By analyzing existing cross correlation between HOYA Resort Hotel and ZongTai Real Estate, you can compare the effects of market volatilities on HOYA Resort and ZongTai Real and check how they will diversify away market risk if combined in the same portfolio for a given time horizon. You can also utilize pair trading strategies of matching a long position in HOYA Resort with a short position of ZongTai Real. Check out your portfolio center. Please also check ongoing floating volatility patterns of HOYA Resort and ZongTai Real.

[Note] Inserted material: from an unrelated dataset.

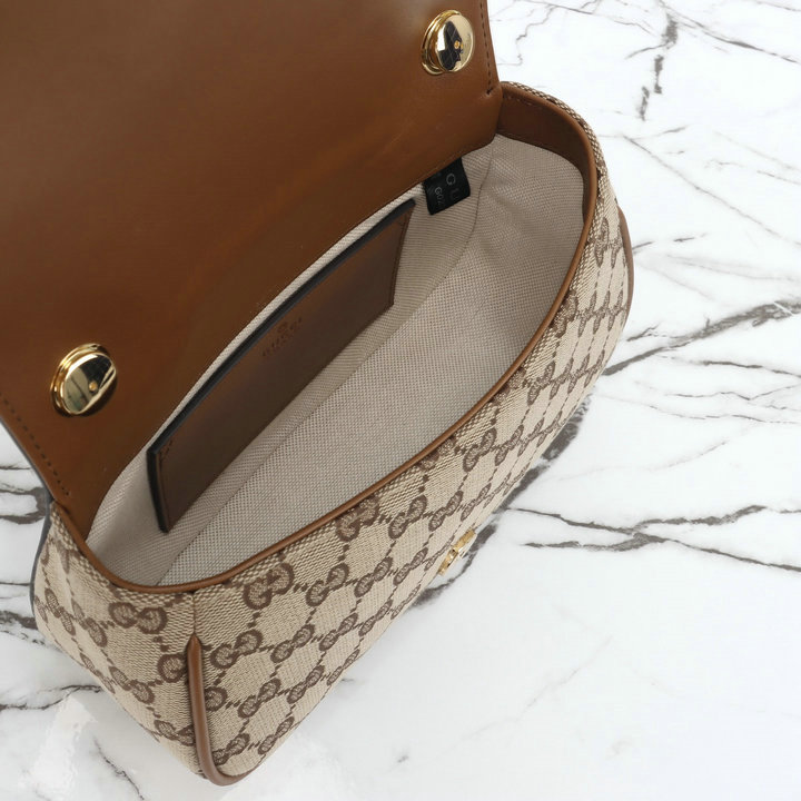 编号: 12A90I5CS620品牌: 古驰 ( GUCCI )尺寸(size):21.5x11x8(W长*H高*D宽)cm 描述(Describe):市场放货,新款来袭,专柜品质,顶级原单货,明星同款实物实拍!型号:815700杏布棕皮《原单纽扣》,现货出货!

Diversification Opportunities for HOYA Resort and ZongTai Real

-0.32
  Correlation Coefficient

Very good diversification

The 3 months correlation between HOYA and ZongTai is -0.32. Overlapping area represents the amount of risk that can be diversified away by holding HOYA Resort Hotel and ZongTai Real Estate in the same portfolio, assuming nothing else is changed. The correlation between historical prices or returns on ZongTai Real Estate and HOYA Resort is a relative statistical measure of the degree to which these equity instruments tend to move together. The correlation coefficient measures the extent to which returns on HOYA Resort Hotel are associated (or correlated) with ZongTai Real. Values of the correlation coefficient range from -1 to +1, where. The correlation of zero (0) is possible when the price movement of ZongTai Real Estate has no effect on the direction of HOYA Resort i.e., HOYA Resort and ZongTai Real go up and down completely randomly.

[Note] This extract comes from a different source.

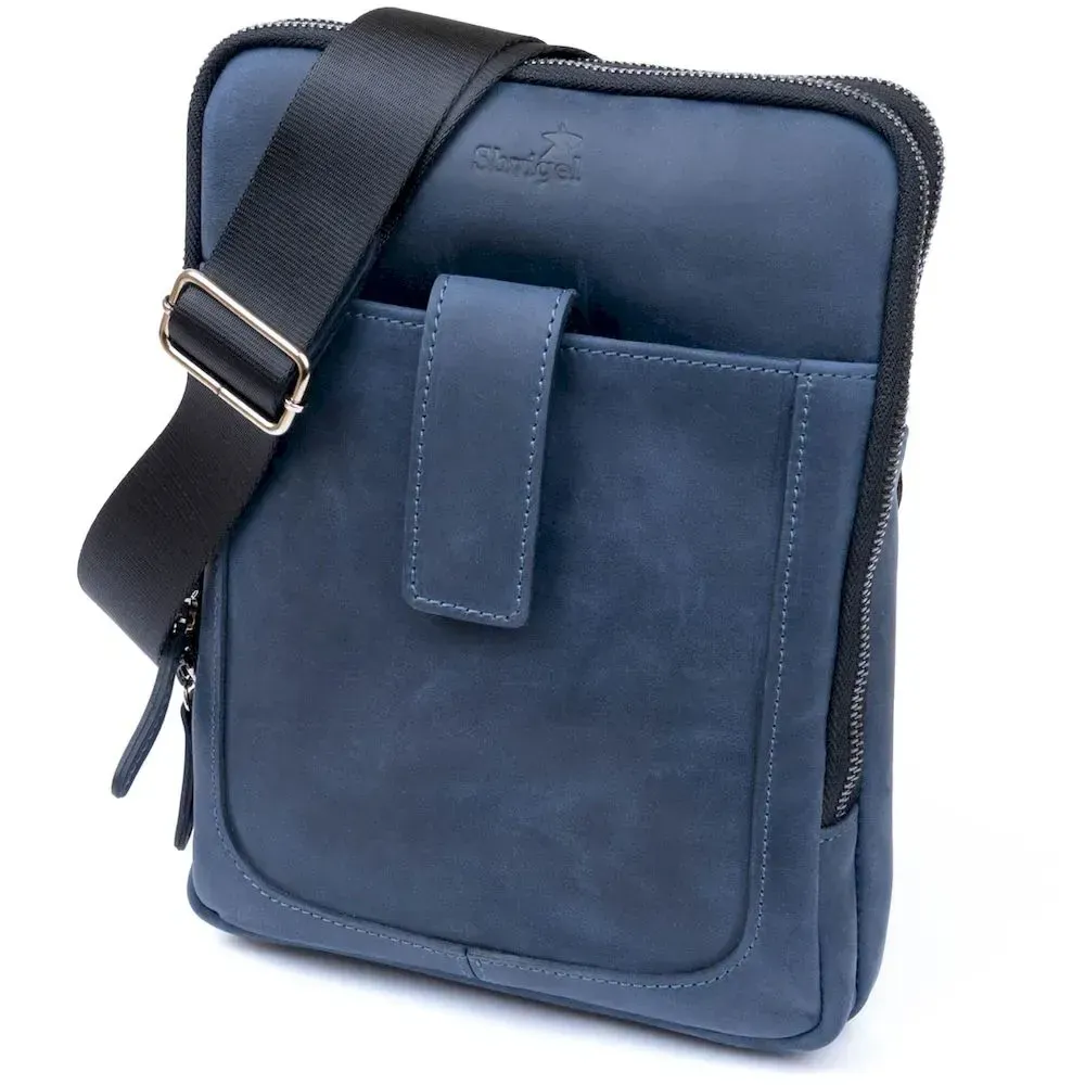 Сумка чоловіча планшет на два відділення вінтажна шкіряна SHVIGEL 11284 Синя

Pair Corralation between HOYA Resort and ZongTai Real

Assuming the 90 days trading horizon HOYA Resort Hotel is expected to generate 1.76 times more return on investment than ZongTai Real. However, HOYA Resort is 1.76 times more volatile than ZongTai Real Estate. It trades about 0.06 of its potential returns per unit of risk. ZongTai Real Estate is currently generating about 0.05 per unit of risk. If you would invest  1,985  in HOYA Resort Hotel on October 7, 2024 and sell it today you would earn a total of  130.00  from holding HOYA Resort Hotel or generate 6.55% return on investment over 90 days.
Time Period3 Months [change]
DirectionMoves Against 
StrengthInsignificant
Accuracy100.0%
ValuesDaily Returns

HOYA Resort Hotel  vs.  ZongTai Real Estate

 Performance 
       Timeline  
HOYA Resort Hotel 

Risk-Adjusted Performance

6 of 100

 
Weak
 
Strong
Modest
Compared to the overall equity markets, risk-adjusted returns on investments in HOYA Resort Hotel are ranked lower than 6 (%) of all global equities and portfolios over the last 90 days. In spite of fairly abnormal basic indicators, HOYA Resort may actually be approaching a critical reversion point that can send shares even higher in February 2025.
ZongTai Real Estate 

Risk-Adjusted Performance

4 of 100

 
Weak
 
Strong
Insignificant
Compared to the overall equity markets, risk-adjusted returns on investments in ZongTai Real Estate are ranked lower than 4 (%) of all global equities and portfolios over the last 90 days. In spite of fairly stable basic indicators, ZongTai Real is not utilizing all of its potentials. The current stock price fuss, may contribute to near-short-term losses for the sophisticated investors.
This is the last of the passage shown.